Figure 8 presents a different data segment of train-induced seismic noise. We recorded the timeline for four slow-speed (80–120 km/h) trains that passed by at around t1 = 20 s, t2 = 820 s, t3 = 1040 s, t4 = 1780 s, respectively (Fig. 12), to connect the seismic signature with the associated train event. We did not have time to take photographs for the China Railways High-speed (CRH) trains whose design speed is about 380 km/h, but our sensors did capture their footprints, e.g., at around 640 s and 1290 s (Fig. 8a).

Fig. 12
figure 12

Timeline for four trains that passed through our survey line at t1 = 20 s, t2 = 820 s, t3 = 1040 s, t4 = 1780 s, respectively. The yellow boxes show the mixed wagon train, with the first half loading heavy stone and the last half loading light oil. We did not capture the CRH trains’ photograph due to their high speed

It takes about 10 s for passenger train A, as well as passenger train B and C, to pass through the line from the end side, but about 15 s for the freight train (Fig. 8a). The freight train moves slower than passenger trains. Two parallel events are detected on the time window from 820 to 860 s (Fig. 8a) with different loads on the wagons (highlighted by the yellow box in Fig. 12). The first half of the wagons were loaded with heavy stone for construction usage, while the last half of wagons were loaded with light oil.

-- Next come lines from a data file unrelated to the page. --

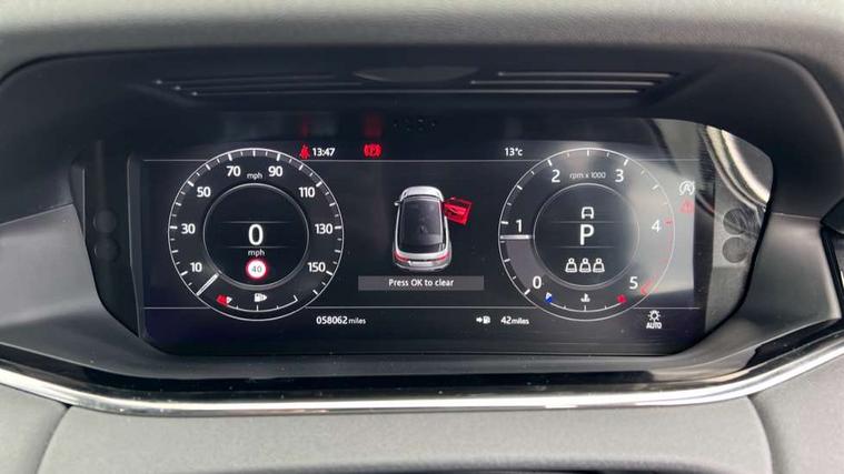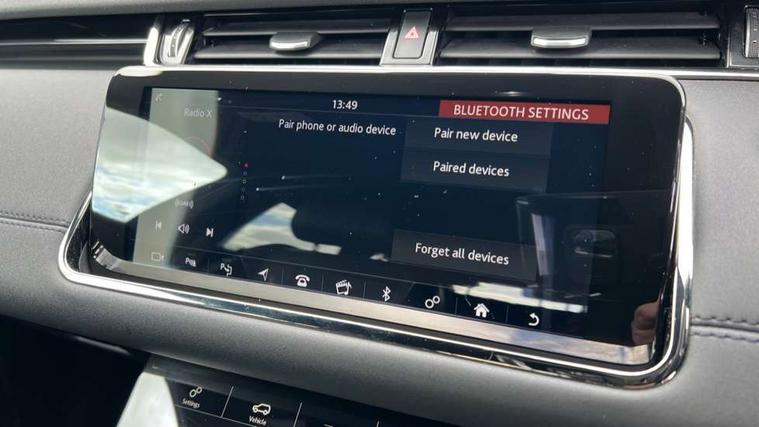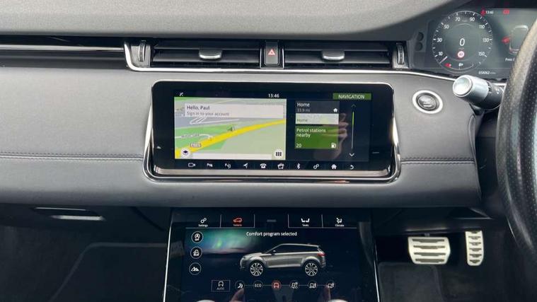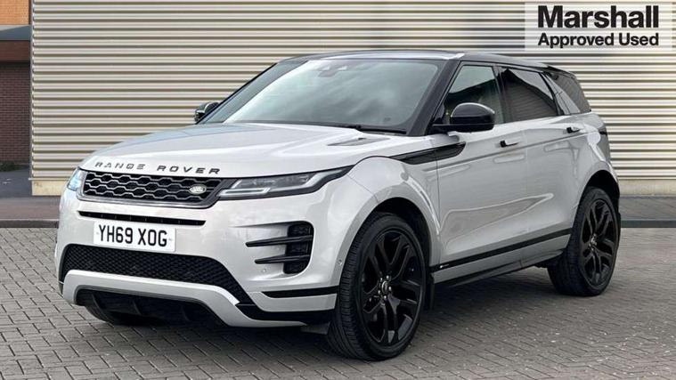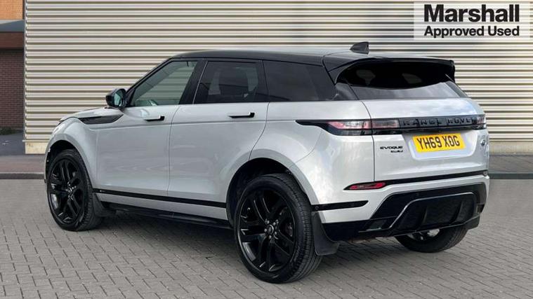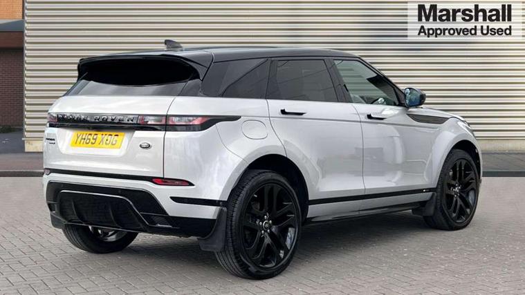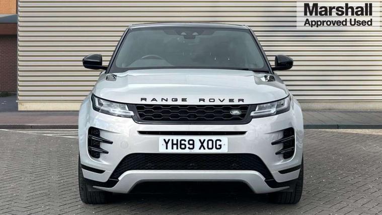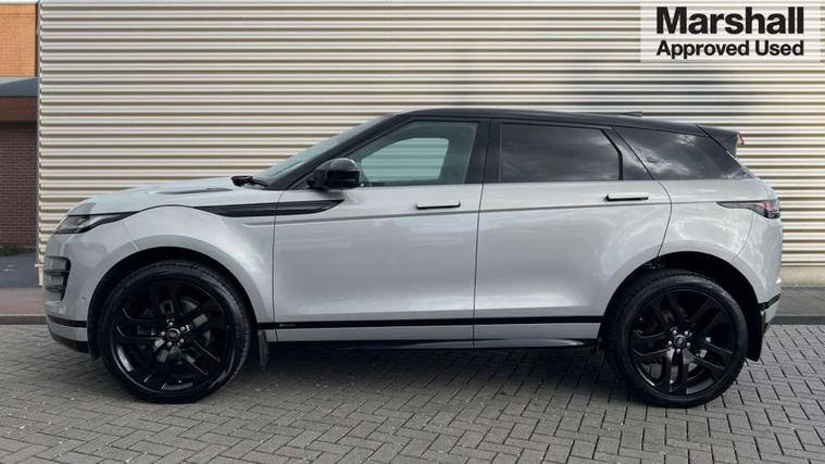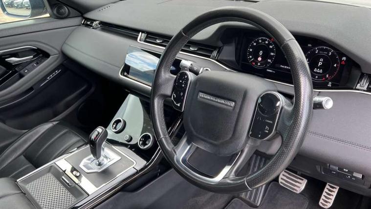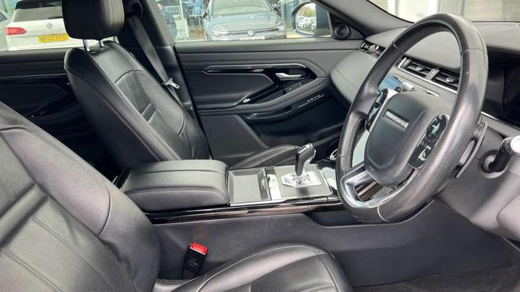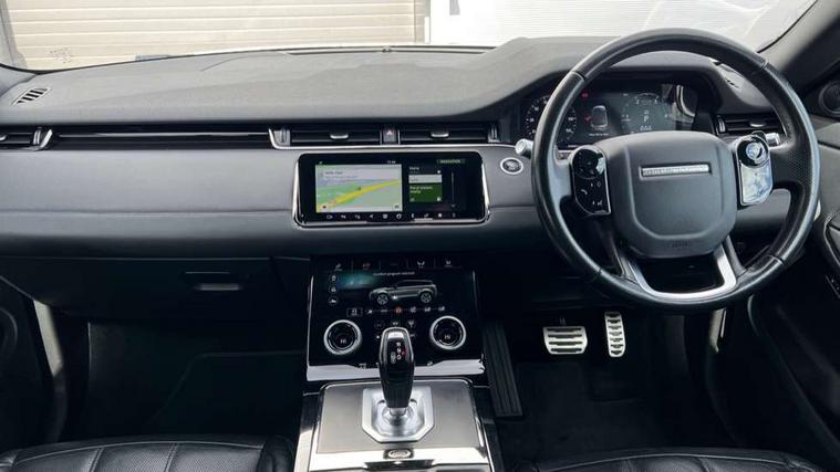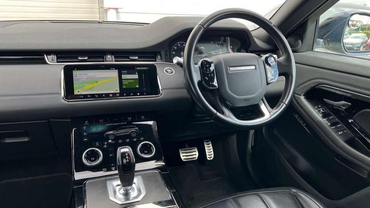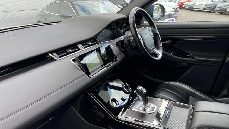 360 degree parking aid, Android Auto, Apple car play, Bluetooth connectivity, Brake pad wear indicator warning light, Clear exit monitor, Driver condition monitor, Duo touch pro, Electronic power assisted steering (EPAS), InControl remote, Interactive Driver display instrument cluster, Land Rover InControl apps, Lane keep assist, Navigation pro system, Park assist - Parallel, perpendicular and parking exit, Pro services and wifi hotspot, Push button starter, Rear traffic monitor, Smart settings, Traffic sign recognition with adaptive speed limiter, Voice control system, All terrain progress control, Efficient Driveline, Passive suspension, Terrain Response 2 Auto, Digital Audio Broadcast radio-DAB, Steering wheel mounted controls, Automatic headlight levelling, Electric windows with one touch open/close and anti trap, Evoque and R-Dynamic badge, Flush deployable exterior door handles, Heated rear window with timer, Heated washer jets, Heated windscreen, Power fold, auto-dimming, heated door mirrors with memory and approach lights, Rain sensing windscreen wipers, Rear fog lights, Shadow atlas bonnet and tailgate script, Tailgate spoiler, 40:20:40 split folding rear seats, Black gearshift paddles, Bright metal pedals, Isofix system on outer rear seats, Overhead lighting console, Overhead stowage for sunglasses, Passive front head restraints, Rear air vents, Rear centre headrest, Sunvisors with illuminated vanity mirrors, Twin front cupholders with cover, Twin sliding front centre armrest, Two zone climate control, Anti-lock braking system (ABS), Customer configurable autolock, DSC - Dynamic Stability Control, Electronic brake force distribution, Electronic parking brake, Electronic traction control, Front and rear seatbelt reminder, Hill descent control, Hill launch assist, Low traction launch, Power operated child locks, Roll stability control, Six airbags - Driver and passenger airbags/driver knee airbag/front side airbag and curtain airbags, Torque vectoring brake, Tyre pressure monitoring system, Alarm, Immobiliser, Intrusion sensor, Locking wheel nuts,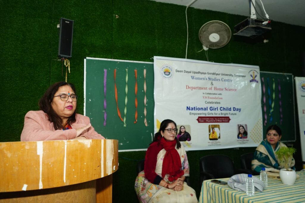 गोरखपुर, विश्वविद्यालय में महिला अध्ययन केंद्र ,वी यस फाउंडेशन एवं  गृह विज्ञान विभाग  के सयुक्त तत्वाधान में   “राष्ट्रीय बालिका दिवस” के उपलक्ष में  जागरूकता कार्यक्रम  का आयोजन किया गया l जिसका विषय “उज्ज्वल भविष्य के लिए लड़कियों को सशक्त बनाना” था। राष्ट्रीय बालिका दिवस लड़कियों के सशक्तिकरण और उनके अधिकारों के प्रति जागरूकता फैलाने का एक महत्वपूर्ण अवसर है। यह हमें याद दिलाता है कि समाज में लैंगिक समानता सुनिश्चित करने और लड़कियों को समान अवसर देने के लिए हम सभी को मिलकर काम करना चाहिए।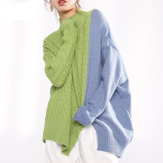 Pelated Split Big Size Knitting Sweater Loose Fit Turtleneck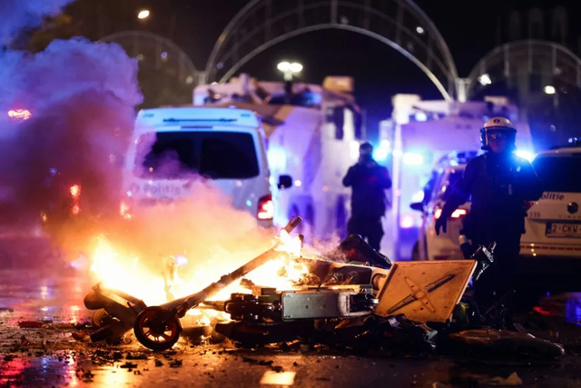 据报道,数十名骚乱者放火烧台阶,并向汽车投掷砖头。布鲁塞尔警方发言人伊尔斯·范德基尔(Ilse Van de Keere) 说,有一人脸部受伤后,现场出动了100多名防暴警察。

In order to further understand the seismic signature of moving trains, three time windows with different train events (indicated by the cyan dashed line in Fig. 8c) are presented in Fig. 13. Considering only 50-s time window for trains arriving and departing, we get an M-shaped change for the \(\phi - t\) curves (Fig. 13). Table 2 presents the time windows for the M-shaped change for the \(\phi - t\) curves of four trains. We suppose this phenomenon is caused by the transfer of energy between ballistic waves and coda waves as the distance changes. In the far distance, the recorded wavefields are mostly weak coda waves. In the intermediate distance, the energy of the coda waves increases with the trains arriving or departing. In the short distance, there is a transfer of energy from coda waves to ballistic waves as the distance decreases. It is a common practice in seismology to use the seismic coda of earthquakes for coda wave imaging (Aki 1969; Aki and Chouet 1975; Campillo and Paul 2003; Snieder 2004, 2006; Paul et al. 2005). In seismology, the scattered waves of the coda are usually considered as random, as well as seismic noise. The time window between which two face-to-face trains get close to each other shows a V-shaped change in factor ϕ (e.g., 860–960 s), because the left-going and right-going waves are out of phase with each other and the coupled PSW will undergo destructive interference.

Fig. 13
figure 13

The zoomed in view of the highlighted windows in Fig. 8c

Table 2 Time windows for each process change in ϕ in Fig. 8

6 Conclusions

We established a simple, but stable, criterion in the tau–p domain to select data segments with minimum contribution from non-stationary sources. Modeling tests and real-world application show that the proposed data selection technique in the tau–p domain performs well in improving the dispersion measurement of the passive surface waves. The real-world application also indicates that the \(\phi - t\) curve, a by-product of the data selection, provides a novel view to understand and track the time-variant processes for seismic signatures of traffic noise.

In particular, the approach improves the dispersion measurements for datasets of limited recording length. This provides a possibility for very short (tens of seconds to several minutes) passive surface wave surveys, which will significantly reduce costs in field work.